ASSIGNED TASK:
Quote the lines of the data below verbatim, beginning at the line that contains "仪式开始前,黄岩区政协党组成" and ending at the last line, both included, and excluding pictures.
[GIVEN RECORDS — start]
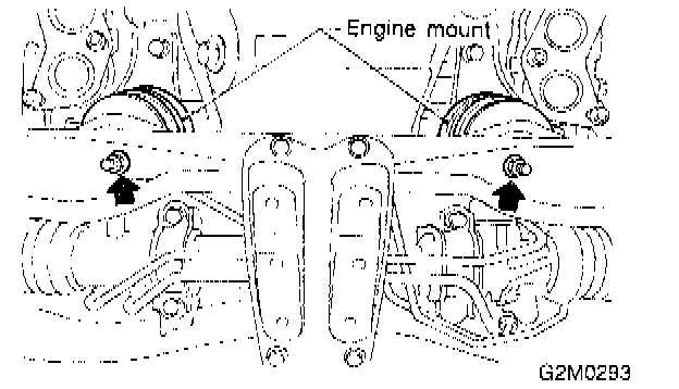 15) Remove the nuts which install front cushion rubber onto front crossmember.
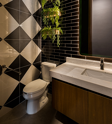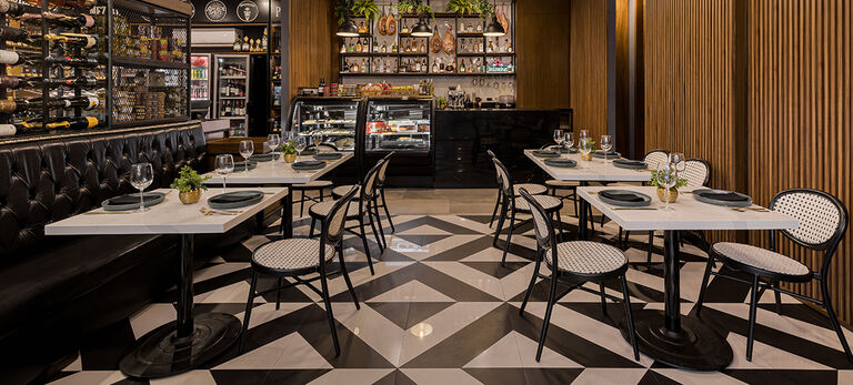 El diseño parte de una paleta de contrastes: pisos en blanco y negro con patrones geométricos de gran formato -proporcionados por Interceramic- marcan una identidad grafica que dinamiza el recorrido visual y enfatiza la geometría del espacio.
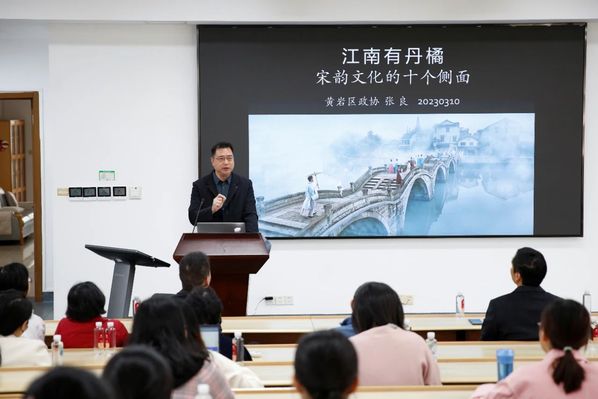 仪式开始前,黄岩区政协党组成员、秘书长张良作主题为“江南有丹橘:宋韵文化的十个侧面”文化讲座。宋代是黄岩文化发展黄金期,产生了独有的非同凡响的气度与韵味,使黄岩成为宋韵文化的集大成者。张良详细介绍了黄岩以文化复兴战略为动能,以擦亮“千年永宁·宋韵黄岩”品牌为重点,梳理出的最具辨识度的宋韵文化的十个侧面,带领听众充分领略了千年黄岩的宋韵风采。
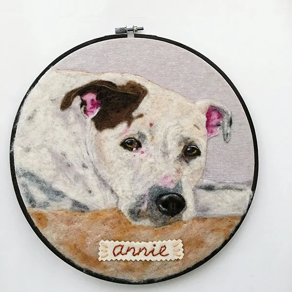 She creates custom needle felted and embroidered pet portraits with an utmost attention to the details and a goal to capture the expression and temperament of each dog or cat as true to life as possible. She loves giving thoughtful gifts and her greatest joy is to see people’s faces light up when they see their pet’s portrait for the first time.
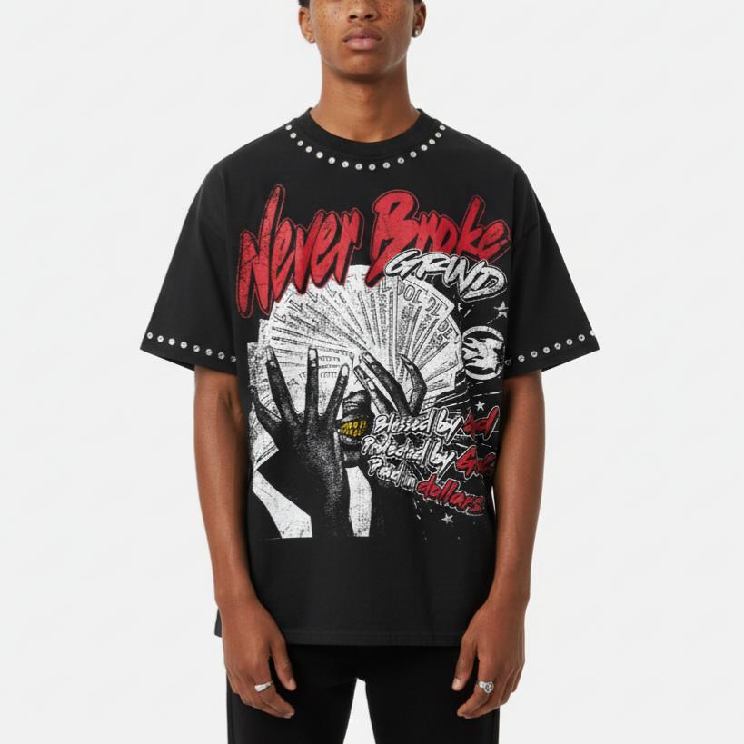 Never Broke God Dollar Vintage Rhinestone Graphic Cotton T-shirt
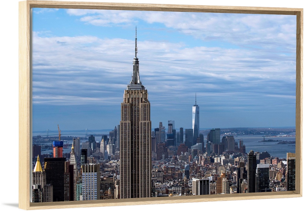 <p>The Empire State Building rising above the New York City skyscrapers, with the One World Trade Center building in the distance.</p>
[GIVEN RECORDS — finish]
TASK OUTPUT:
 仪式开始前,黄岩区政协党组成员、秘书长张良作主题为“江南有丹橘:宋韵文化的十个侧面”文化讲座。宋代是黄岩文化发展黄金期,产生了独有的非同凡响的气度与韵味,使黄岩成为宋韵文化的集大成者。张良详细介绍了黄岩以文化复兴战略为动能,以擦亮“千年永宁·宋韵黄岩”品牌为重点,梳理出的最具辨识度的宋韵文化的十个侧面,带领听众充分领略了千年黄岩的宋韵风采。
 She creates custom needle felted and embroidered pet portraits with an utmost attention to the details and a goal to capture the expression and temperament of each dog or cat as true to life as possible. She loves giving thoughtful gifts and her greatest joy is to see people’s faces light up when they see their pet’s portrait for the first time.
 Never Broke God Dollar Vintage Rhinestone Graphic Cotton T-shirt
 <p>The Empire State Building rising above the New York City skyscrapers, with the One World Trade Center building in the distance.</p>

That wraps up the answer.